Question

Derivative. Is this correct?
f(x)=arcsin(x/cos(x))
(formatting and work in reply)

Answer 1

\[f(x)=\arcsin(\frac{ x }{ \cos(x) })\]
\[f'(x)=\frac{ 1 }{ \sqrt{1+(\frac{ x }{ \cos(x) }})^2 }(\frac{ \cos(x)-x(-\sin(x)) }{ \cos(x)^2 })\]
I didn't simplify much, so it's easier to see first if I'm doing it right.

Answer 2

whatever you are doing, i have a suggestion
as ugly as this sadistic problem is going to be, it is going to be easier to start with
\[\arcsin(x\sec(x))\]

Answer 3

only mistake i see is that you should have a minus sign inside the radical

Answer 4

\[f'(x)=\frac{ 1 }{ \sqrt{1-(\frac{ x }{ \cos(x) }})^2 }(\frac{ \cos(x)-x(-\sin(x)) }{ \cos(x)^2 })\]

Answer 5

it would make it a lot easier to write if you use \(x\sec(x)\)
the answer will be the same though
you are correct

Answer 6

ah yeah, that should be minus.
ok good.

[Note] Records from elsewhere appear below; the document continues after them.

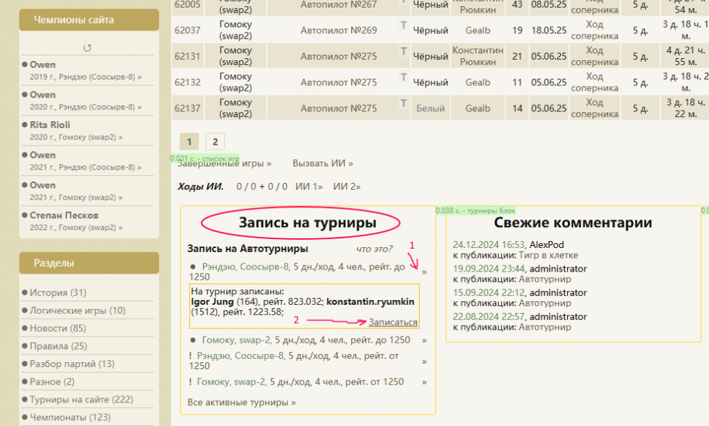 Предлагаю их назвать: Автотурнир “Пилот-1″, Автотунир “Пилот-2″ и т.д., но нечетные номера это гомоку, а четные рэндзю
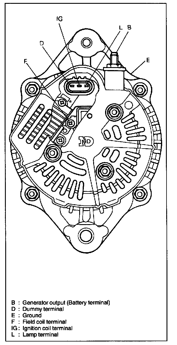 2. Ground F terminal and start engine, then measure voltage at B terminal as shown in the figure.
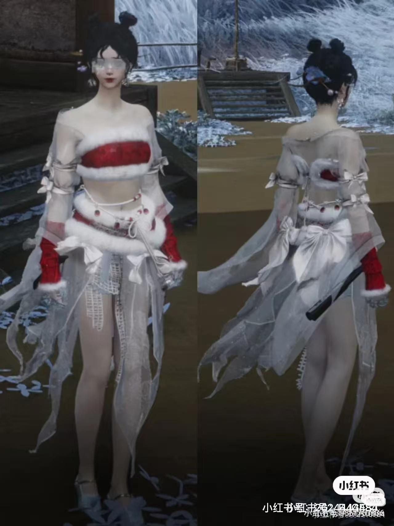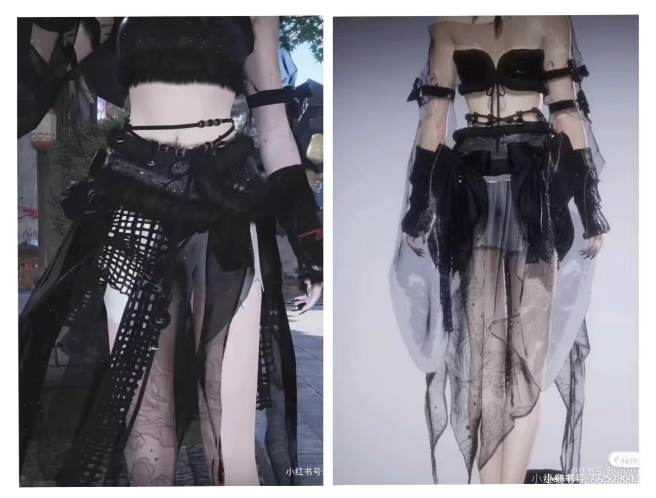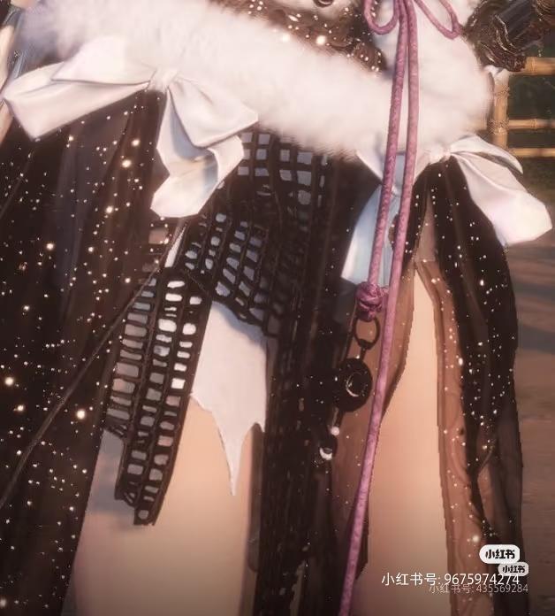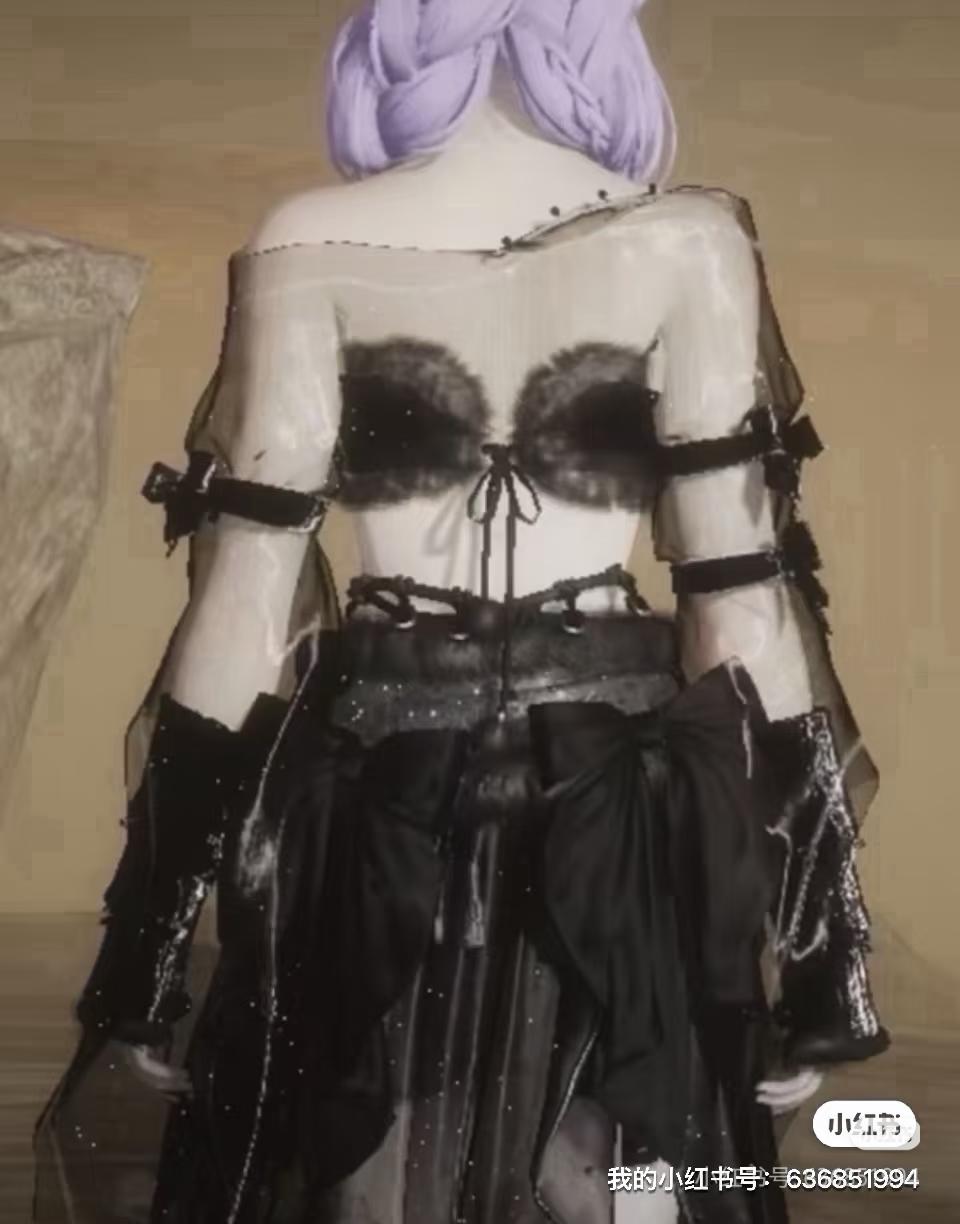 不排除这个衣服有萌的正常加裤子的穿搭,但是这个渔网,这个漏底裤,纱可以染成透明,这个蝴蝶结,毛边家露腰露腿,已经有人通过这个服装开始涩情化女号了,正常搭配玩家没理由发挥搭配之力为这件衣服缺少的布料多花心思,多花钱后面那几张图我晃一眼我以为是那个黄色网站的3d区人物跑出来了,早说我下的是情趣游戏啊。当然可以不用染成那样,但是不染成那样不代表这种染色不存在,也改变不了后面就是一根绑带的设计以及超短裤
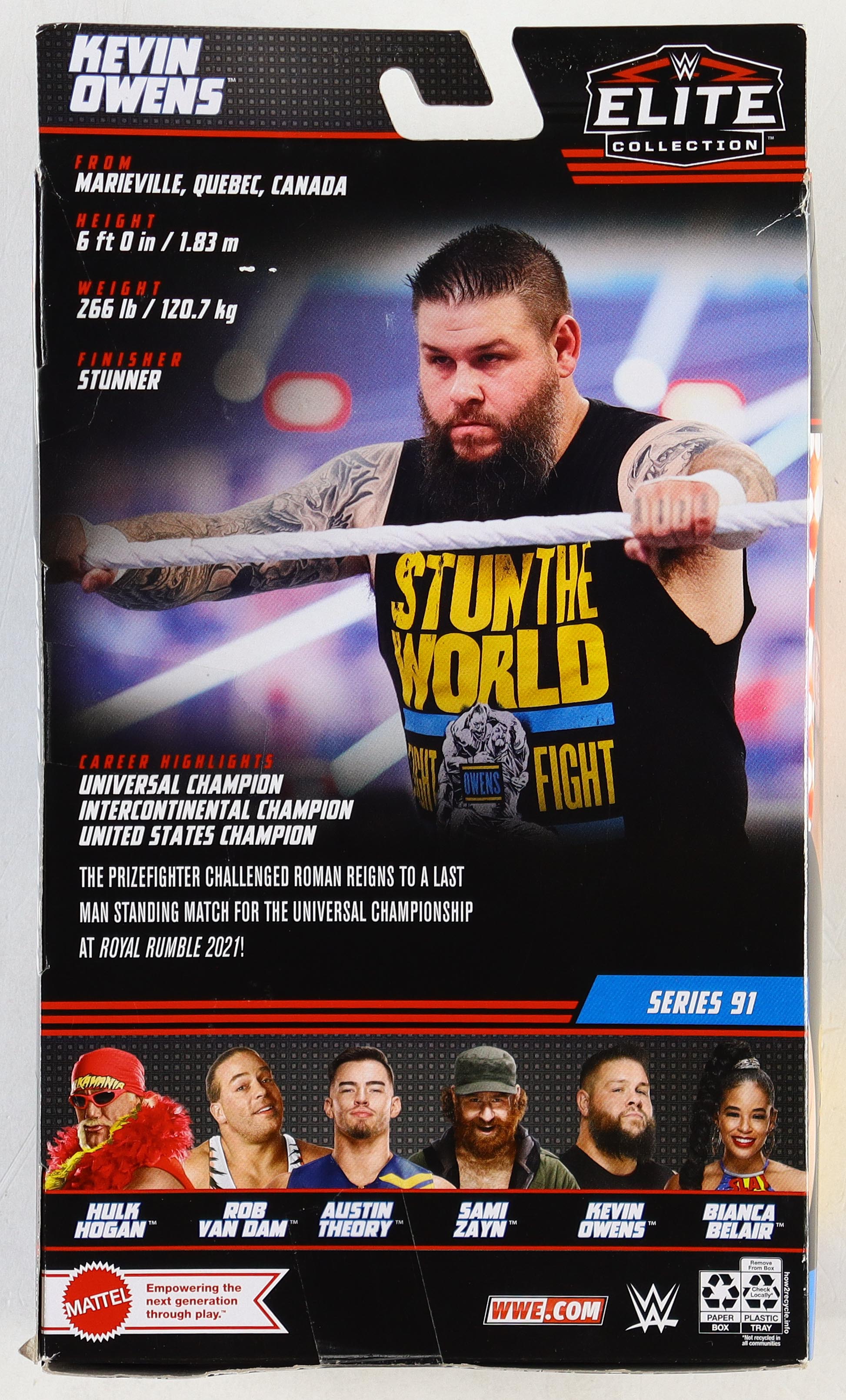Mattel WWE Elite Collection Series 91 action figure. Hand-signed on the box by Kevin Owens.
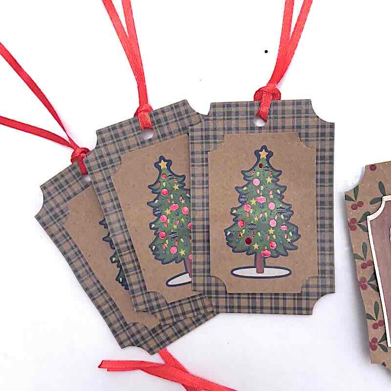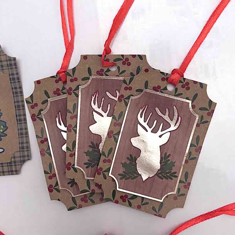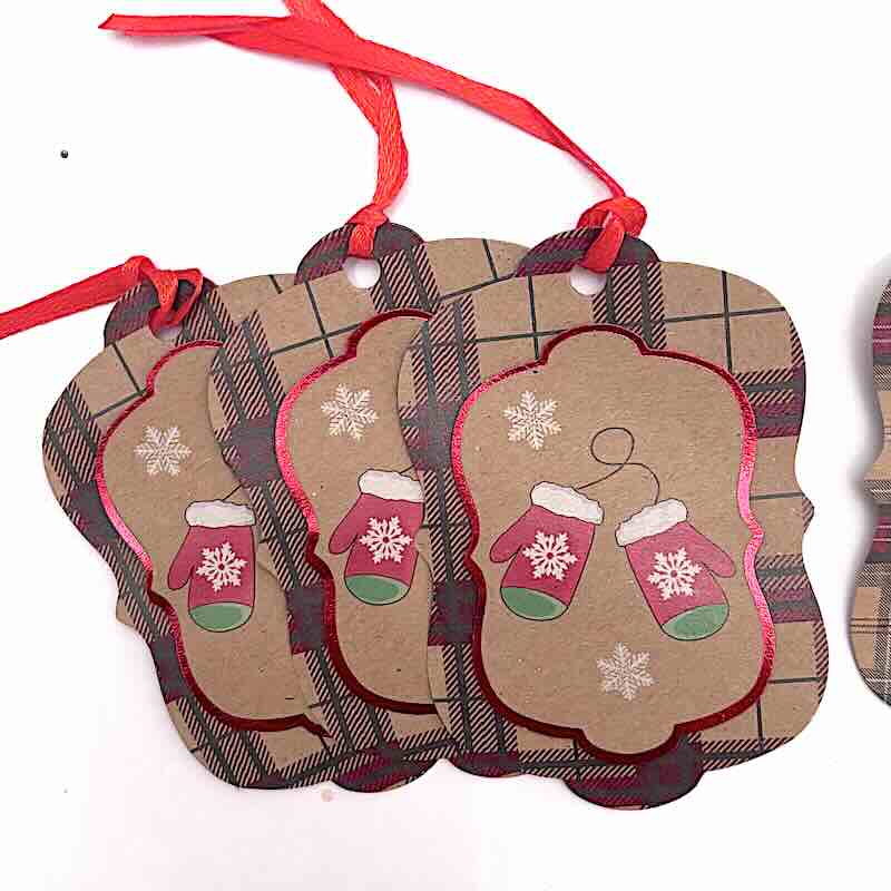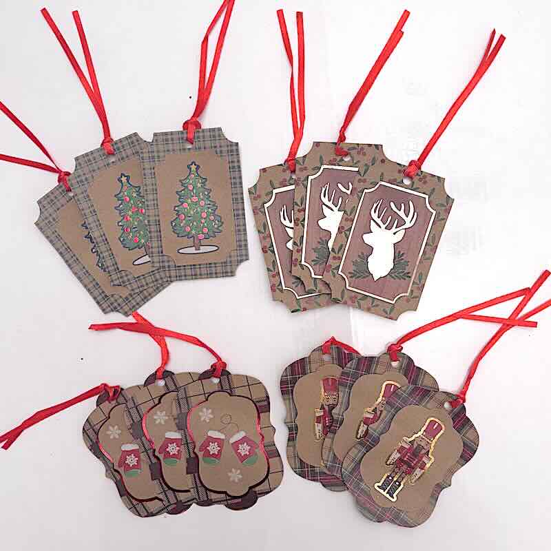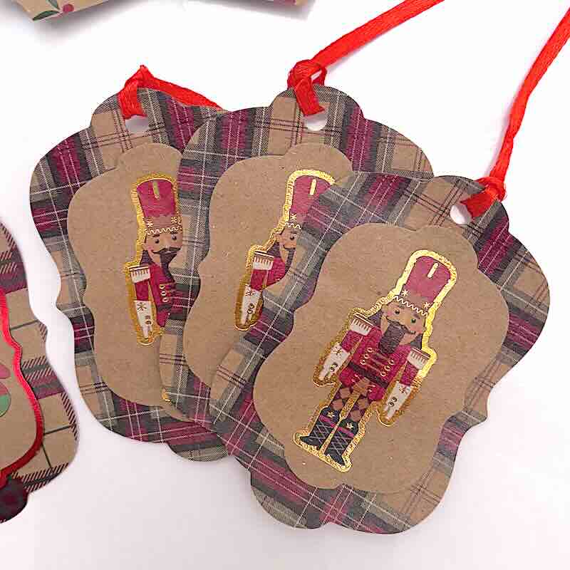 Ett set med tolv stycken fina julklappsetiketter att pryda julklapparna med. De får ett dekorativt och speciellt utseende med dessa vackra etiketter. De är helt tomma på baksidan så du kan skriva din egen god jul-önskan på dem. Tre motiv av varje: Hjort, julgran, vantar och nötknäppare. Mått varje etikett ca 8 cm x 5,5 cm.

I double checked with wolfram, but it simplifies to the max and it looked so different, I wasn't sure if I was doing it right.
http://www.wolframalpha.com/input/?i=derivative+of+arcsin%28x%2Fcos%28x%29%29

Answer 7

i don't really think it is a matter of taking your answer (which is correct) and using a bunch of trig formulas
if you replace \(\frac{x}{\cos(x)}\) by \(x\sec(x)\) you can use the product rule rather than the quotient rule

Answer 8

the first part is the same, the second would be
\[\sec(x)+x\sec(x)\tan(x)\]

Answer 9

I see, because sec is 1/cos. So x/cos would be x sec (x).

Answer 10

then as wolfram did you can factor out the \(\sec(x)\) so that the numerator will be
\[\sec(x)(\tan(x)+1)\]

Answer 11

it is just that the product rule comes out a lot neater than the quotient rule, but again everything you wrote (except the plus sign ) is correct

Answer 12

I never would have thought that it would be easier dealing with sec than cos. I just worked it out with sec and see that yeah, it is a lot neater because of being able to use that product rule instead of the quotient rule. Thanks!